Book Review of Starving the Artist by William Aicher
As copyright becomes more and more of a hot-button issue on the Web, inevitably more and more authors are releasing books on the topic.
The notable books (and controversial) books on the topic released in the past few years have included Digital Barbarism: A Writer’s Manifesto by Mark Helprin, The Cult of the Amateur: How blogs, MySpace, YouTube, and the rest of today’s user-generated media are destroying our economy, our culture, and our values by Andrew Keen, The Little Book of Plagiarism by Judge Richard Posner, Remix: Making Art and Commerce Thrive in the Hybrid Economy by Lawrence Lessig and Free: The Future of a Radical Price by Chris Anderson (which was the subject of a plagiarism controversy of its own) just to name a few.

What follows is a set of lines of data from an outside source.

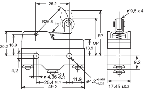 规格: 操作速度: 0.01mm-1m/sec 操作频率: 机械:240ops/min 电气: 20ops/min 绝缘电阻: >100MΩ @ 500V DC 接点电阻: <15mΩ 额定电流/电压: 15A,125/250/480VAC;3/4HP/125VAC 1.5HP/250VAC(UL:E321073) 耐压值: 同级端子间1000VAC 50/60Hz 1分钟 端子对地或对无载金属间2500VAC 50/60Hz 1分钟 寿命: 机械 10,000,000次, 电气500,000次 环境温度: -40 to +80°C (-40 to 176°F) 不结冰 湿度: <95%RH 防护等级: 一般型:IP00 防滴型(-55后缀):IP64 |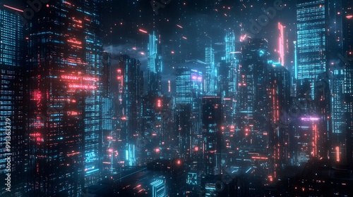 3D cityscape with glowing digital connections, representing the power of technology in urban development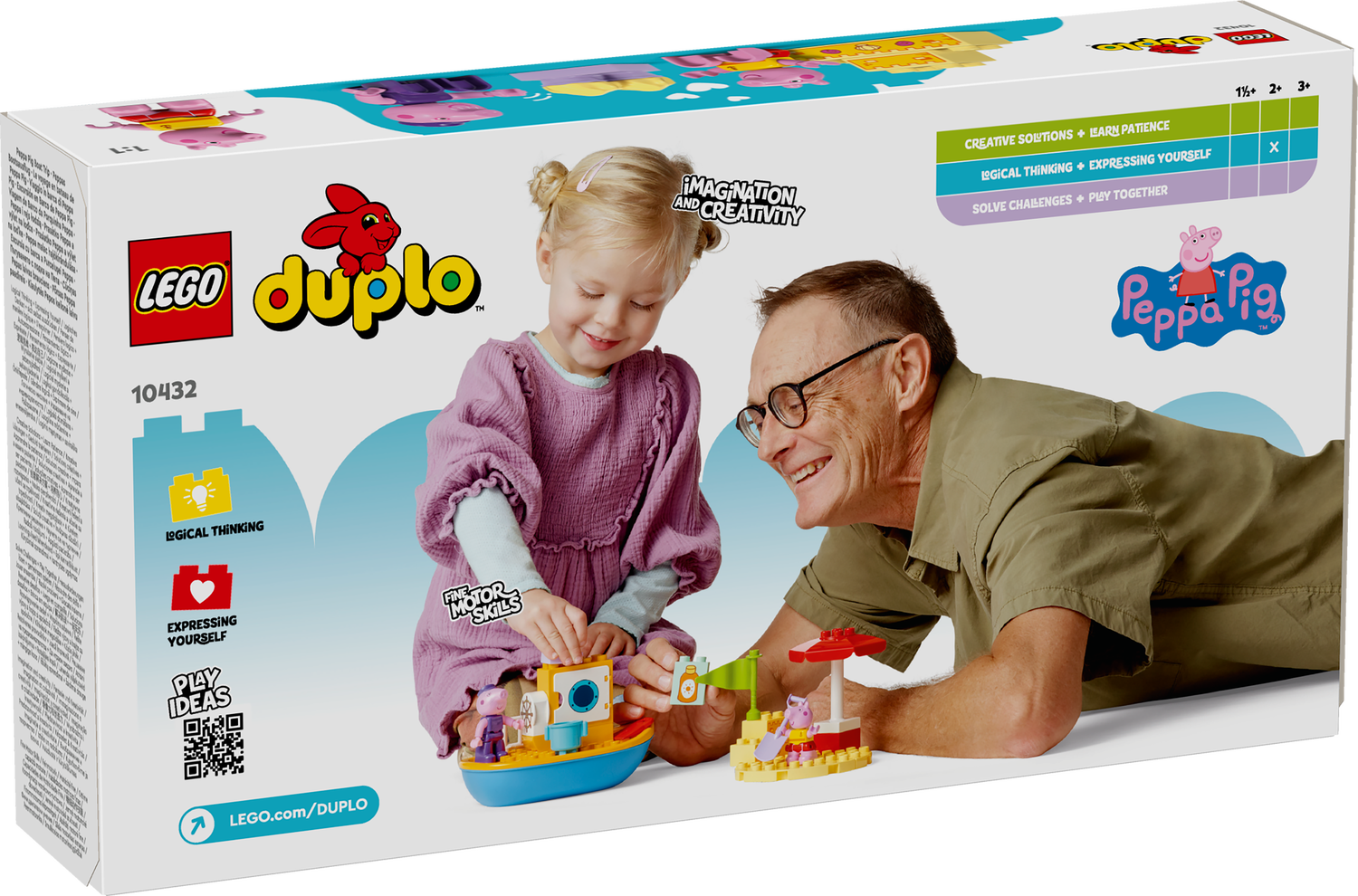 All aboard the LEGO® DUPLO® Peppa Pig Boat Trip Toy (10432) for hours of joyful preschool learning. Girls and boys aged 2+ join the Grandpa Pig and Peppa Pig figures as they head to the beach with his boat.

However, William Aicher is a relatively new addition to this field. Though he has blogged about copyright-related issues on his site for some time, his first book on the topic, a short self-published work called Starving the Artist: How the Internet Culture of “Free” Threatens to Exterminate the Creative Class, and What Can Be Done to Save It is a relatively unusual entrant into the field.
But what makes Aicher’s book unique isn’t what can be seen on the cover, but rather that it is a book on copyright that manages to avoid being mired in debates on law, philosophy and/or personal anecdotes. Even more impressive, it avoids personal attacks and even comes across as balanced and nuanced.
Though not particularly earth-shattering, it manages to be friendly enough for a casual reader and still have enough to hold the interest of someone more dedicated to copyright issues.
Still, it seems to be a book struggling for an audience and that may be the biggest flaw the book has.
Background
Aicher’s tome is not a lengthy work by any stretch. At only 70 pages not counting forward and introduction, even an average reader can breeze through this on a lazy afternoon.
The book is divided into three parts.
Creation: This section discusses the motivations behind creation, monetary and otherwise, as well as the costs of creation and how they are affected by copying.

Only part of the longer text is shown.